YOUR ASSIGNMENT
Write out exactly the lines below starting at the one containing "Tras los daños" and ending at the one containing "Nun die Bauteile". Omit every picture.

EXERCISE INPUT
——
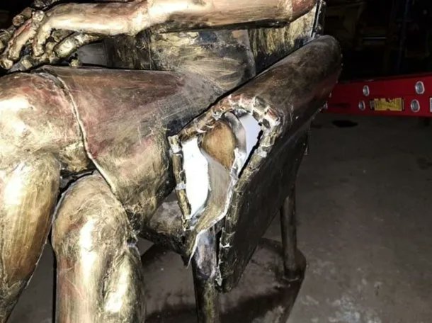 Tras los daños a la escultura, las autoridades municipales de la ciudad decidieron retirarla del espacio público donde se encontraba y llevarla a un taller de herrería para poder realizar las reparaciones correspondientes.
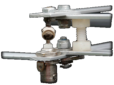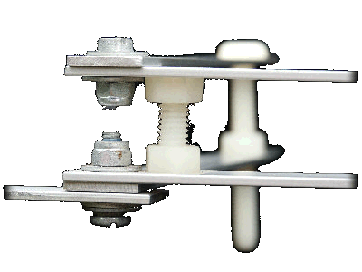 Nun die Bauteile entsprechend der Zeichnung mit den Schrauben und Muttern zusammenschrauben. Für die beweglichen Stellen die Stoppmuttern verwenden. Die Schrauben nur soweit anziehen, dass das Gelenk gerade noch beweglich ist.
——
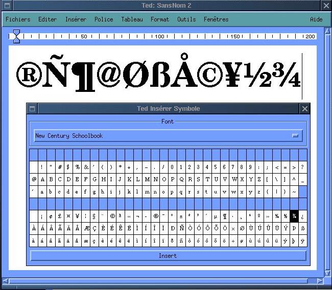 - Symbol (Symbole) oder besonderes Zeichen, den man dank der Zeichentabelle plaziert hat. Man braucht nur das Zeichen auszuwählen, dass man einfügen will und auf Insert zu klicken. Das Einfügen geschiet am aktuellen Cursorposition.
——
TASK OUTPUT
 Tras los daños a la escultura, las autoridades municipales de la ciudad decidieron retirarla del espacio público donde se encontraba y llevarla a un taller de herrería para poder realizar las reparaciones correspondientes.
 Nun die Bauteile entsprechend der Zeichnung mit den Schrauben und Muttern zusammenschrauben. Für die beweglichen Stellen die Stoppmuttern verwenden. Die Schrauben nur soweit anziehen, dass das Gelenk gerade noch beweglich ist.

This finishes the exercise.